2. Motiva a admissão do recurso de revista [cfr. fls. 471/516] na relevância jurídica da questão respeitante a saber se assiste ou não ao R. a faculdade de, na fase dos articulados, alterar os fundamentos do ato impugnado sem que o acompanhe pela prática de qualquer ato administrativo de segundo grau, substitutivo ou anulatório do primeiro, e de o tribunal, em sede de conhecimento da pretensão impugnatória deduzida, manter o ato na ordem jurídica com aquela nova fundamentação [infração das garantias processuais, como seja a tutela jurisdicional efetiva, a igualdade de armas, o princípio do contraditório, a proibição de decisões surpresa e da estabilidade objetiva da instância - cfr. arts. 13.º e 20.º da CRP e 03.º do CPC, 06.º, 07.º, 07.º-A, 63.º e 95.º do CPTA] e, bem assim, para «uma melhor aplicação do direito», estribado para além da nulidade por omissão de pronúncia [cfr. arts. 03.º, 508.º, n.º 2, 615.º, n.º 1, al. d), do CPC] no erro de julgamento que, alegadamente, inquina o juízo de improcedência da pretensão deduzida, já que fundado em errada interpretação e aplicação do disposto, nomeadamente nos arts. 26.º, 28.º, 29.º, e 32.º da Lei n.º 53/2006, de 07.12, 06.º da Lei n.º 25/2017, de 30.05, 54.º, n.º 1, al. d), da Lei n.º 12-A/2008, de 27.02, e do ponto 18 do aviso concursal, e, bem assim, do direito de acesso à função pública e aos princípios da igualdade, da segurança e da proteção da confiança, da boa-fé, da proporcionalidade, da justiça, da racionalidade e eficiência [cfr. arts. 13.º, 47.º e 53.º da CRP, 05.º, 08.º e 10.º do CPA].

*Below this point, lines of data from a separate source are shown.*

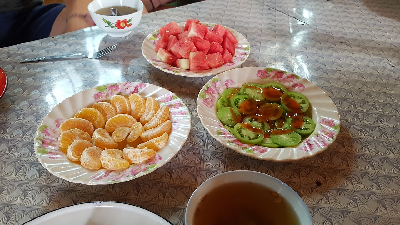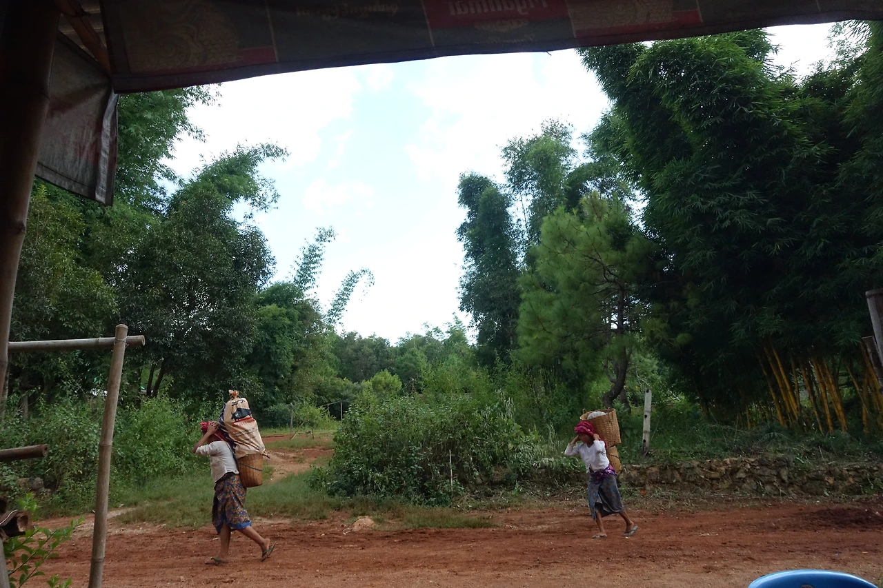정오가 되자 드디어 점심을 먹기 위해 한 민가에 들렀다. 정성스럽게 담아온 과일과 볶음 국수가 모두 맛있었다. 원래 여행 다닐 때 뭘 많이 먹는 편이 아닌데 이상하게 미얀마 여행때는 먹는 양도 늘고 뭘 먹어도 맛있는데다 많이 걸은 탓에 저 때도 내 앞에 있는 국수 한 그릇을 뚝딱 비웠는데 나머지 멤버들은 벨기에 남자 말고는 아무도 국수 한 그릇을 먹질 못했다. 거의 반은 남기고 있었다. 그렇다고 과일도 그닥 많이 먹지 않아서 국수도 혼자 싹 비우고 과일도 싹싹 비워 먹은 내가 왠지 식탐쟁이같이 느껴졌다.
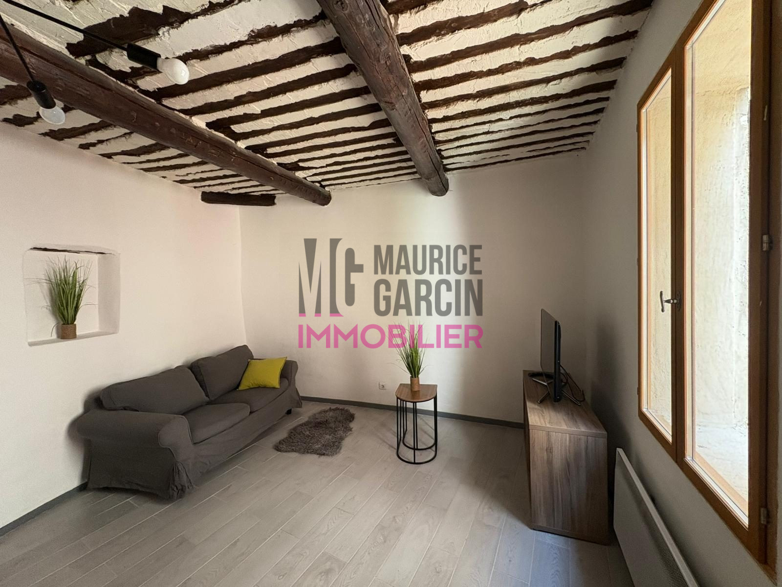 1er étage : Salon cosy et chaleureux de 15 m² avec plafond à la française, cuisine aménagée et équipée de 6 m². Fenêtres en double vitrage bois et volets bois.
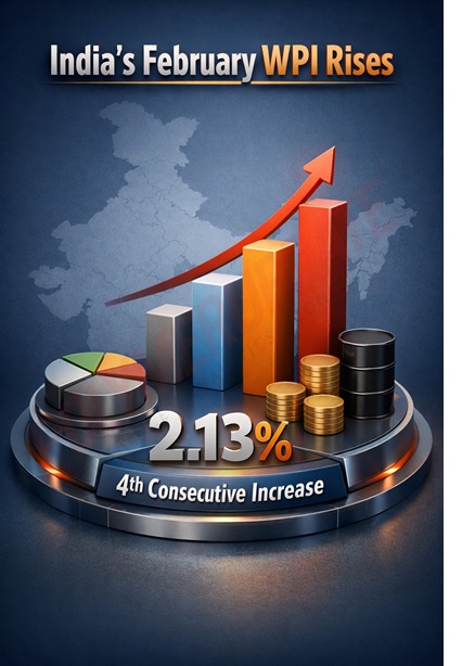 India’s bulk inflation, measured by the Wholesale Price Index (WPI), rose for the fourth consecutive month to 2.13 percent in February following a substantial increase in the prices of non-food articles, even though vegetable prices eased, data compiled by the Ministry of Commerce and Industry showed. The February WPI print marked a notable increase from 1.81 percent recorded in January 2026, but was lower than the 2.45 percent registered in February 2025.

3. Alega que por estar em situação de mobilidade especial [SME] gozava da prioridade prevista no art. 54.º, n.º 1, al. d), da referida Lei n.º 12-A/2008 e no ponto 18.º do aviso do concurso realidade essa que lhe teria sido reconhecida existir no momento da abertura do concurso pelo ato impugnado e que veio a ser desatendida ou desconsiderada no mesmo pelo facto de o A. ter «optado pelo regresso do período de Licença Extraordinária e pela ocupação de posto de trabalho nesta ASAE, onde presentemente se encontra a exercer funções com efeitos desde 29 de agosto de 2017» termos em que «na data da elaboração do Projeto de Lista de Classificação Final … já não se encontrava em situação de SME, pelo que não se encontra abrangido pela prerrogativa estabelecida no ponto 18 do Aviso …».

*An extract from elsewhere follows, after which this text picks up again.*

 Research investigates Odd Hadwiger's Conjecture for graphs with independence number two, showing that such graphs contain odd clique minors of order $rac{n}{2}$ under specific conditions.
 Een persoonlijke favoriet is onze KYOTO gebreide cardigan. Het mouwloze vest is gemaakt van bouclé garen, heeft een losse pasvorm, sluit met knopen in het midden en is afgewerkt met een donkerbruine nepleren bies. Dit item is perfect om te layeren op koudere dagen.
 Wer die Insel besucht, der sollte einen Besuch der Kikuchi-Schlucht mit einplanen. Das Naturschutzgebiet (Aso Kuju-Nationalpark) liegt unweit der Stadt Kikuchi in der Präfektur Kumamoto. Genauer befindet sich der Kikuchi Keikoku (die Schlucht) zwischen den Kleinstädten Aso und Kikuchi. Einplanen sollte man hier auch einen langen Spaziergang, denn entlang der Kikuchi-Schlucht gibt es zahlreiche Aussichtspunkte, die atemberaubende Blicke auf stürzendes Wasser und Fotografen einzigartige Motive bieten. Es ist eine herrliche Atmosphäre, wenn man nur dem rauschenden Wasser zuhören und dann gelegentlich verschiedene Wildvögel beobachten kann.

4. O R. e contrainteressados não produziram contra-alegações em sede de recurso de revista [cfr. fls. 521 e segs.].
Apreciando:
5. Dispõe-se no n.º 1 do art. 150.º do CPTA que «[d]as decisões proferidas em segunda instância pelo Tribunal Central Administrativo pode haver, excecionalmente, revista para o Supremo Tribunal Administrativo quando esteja em causa a apreciação de uma questão que, pela sua relevância jurídica ou social, se revista de importância fundamental ou quando a admissão do recurso seja claramente necessária para uma melhor aplicação do direito».
6. Do referido preceito extrai-se, assim, que as decisões proferidas pelos TCA’s no uso dos poderes conferidos pelo art. 149.º do CPTA, conhecendo em segundo grau de jurisdição, não são, em regra, suscetíveis de recurso ordinário, dado a sua admissibilidade apenas poder ter lugar quando: i) esteja em causa apreciação de uma questão que, pela sua relevância jurídica ou social, revista de importância fundamental; ou, ii) o recurso revelar ser claramente necessário para uma melhor aplicação do direito.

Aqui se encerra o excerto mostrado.